Tanto en medicina como en el lenguaje popular se
habla de las más diversas enfermedades. Esta inexactitud verbal indica
claramente la universal incomprensión que sufre el concepto de enfermedad. La enfermedad
es una palabra que sólo debería tener singular; decir enfermedades, en plural,
es tan tonto como decir “saludes”. Enfermedad y salud son conceptos singulares,
por cuanto que se refieren a un estado del ser humano y no a órganos o partes
del cuerpo, como parece querer indicar el lenguaje habitual.
El cuerpo nunca está
verdaderamente enfermo o sano ya que en él sólo se manifiestan las
informaciones de la mente. El cuerpo no hace nada por sí mismo. Para
comprobarlo, basta ver un cadáver. El cuerpo de una persona viva debe su
funcionamiento precisamente a estas dos instancias inmateriales que solemos
llamar conciencia (alma) y vida (espíritu). La conciencia emite la información
que se manifiesta y se hace visible en el cuerpo. La conciencia es al cuerpo lo
que un programa de radio al receptor. Dado que la conciencia representa una
cualidad inmaterial y propia, naturalmente, no es producto del cuerpo ni
depende de la existencia de éste.
Lo que ocurre en el cuerpo de
un ser viviente es expresión de una información o concreción de la imagen correspondiente
(imagen en griego es eidolon y se refiere también al concepto de la «idea»).

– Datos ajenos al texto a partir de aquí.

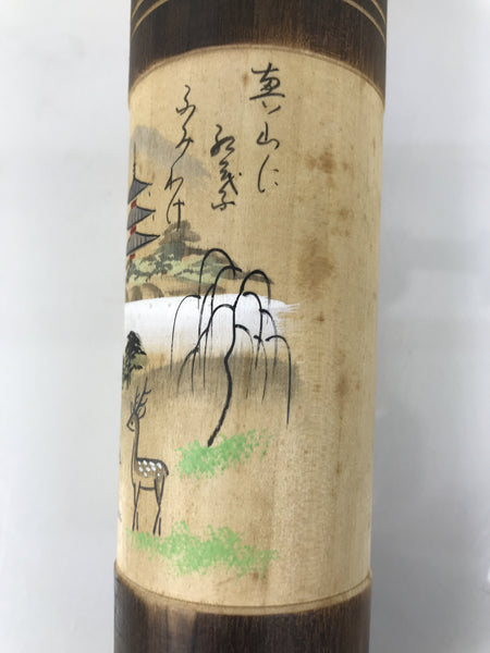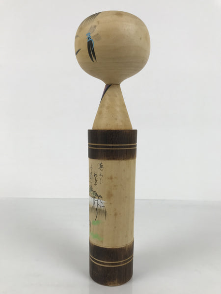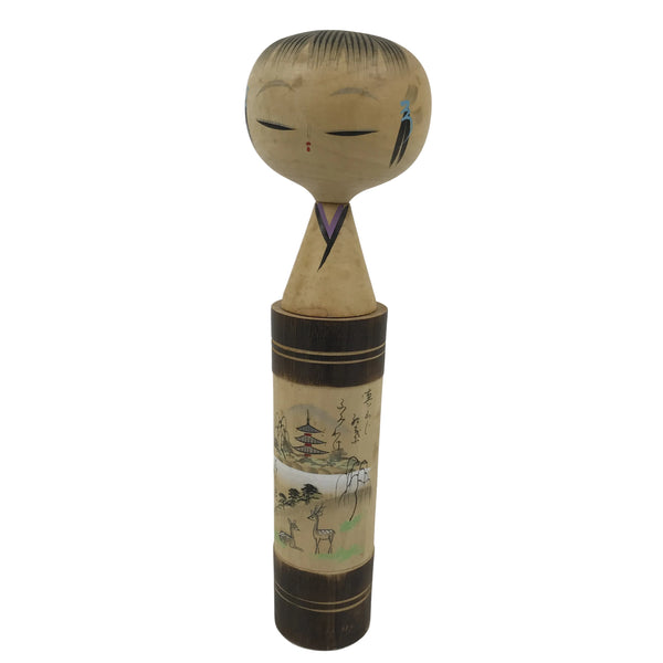 This vintage Japanese wooden kokeshi doll has a classic design (round head, cylindrical body). The body is straight with brown bands on the top and bottom. The shoulder is tapered with a thin neck and a wobbly head. It is painted with a Japanese poem, Waka, and its scenery with a pagoda, deer, trees, and a distant mountain. The facial expression is calm , eyes closed, and the tufts of hair with blue and white ribbons are painted. It has been brushed with a clear lacquer coating to give it shine.

Cuando el pulso y el corazón siguen un ritmo determinado, la temperatura
corporal mantiene un nivel constante, las glándulas segregan hormonas y en el
organismo se forman anticuerpos. Estas funciones no pueden explicarse por la materia
en sí, sino que dependen de una información concreta, cuyo punto de partida es
la conciencia.
Cuando las distintas
funciones corporales se conjugan de un modo determinado se produce un modelo
que nos parece armonioso y por ello lo llamamos salud. Si una de las funciones
se perturba, la armonía del conjunto se rompe y entonces hablamos de
enfermedad. Enfermedad significa, pues, la pérdida de una armonía o, también,
el trastorno de un orden hasta ahora equilibrado (en realidad, contemplada
desde otro punto de vista, la enfermedad es la instauración de un cierto equilibrio).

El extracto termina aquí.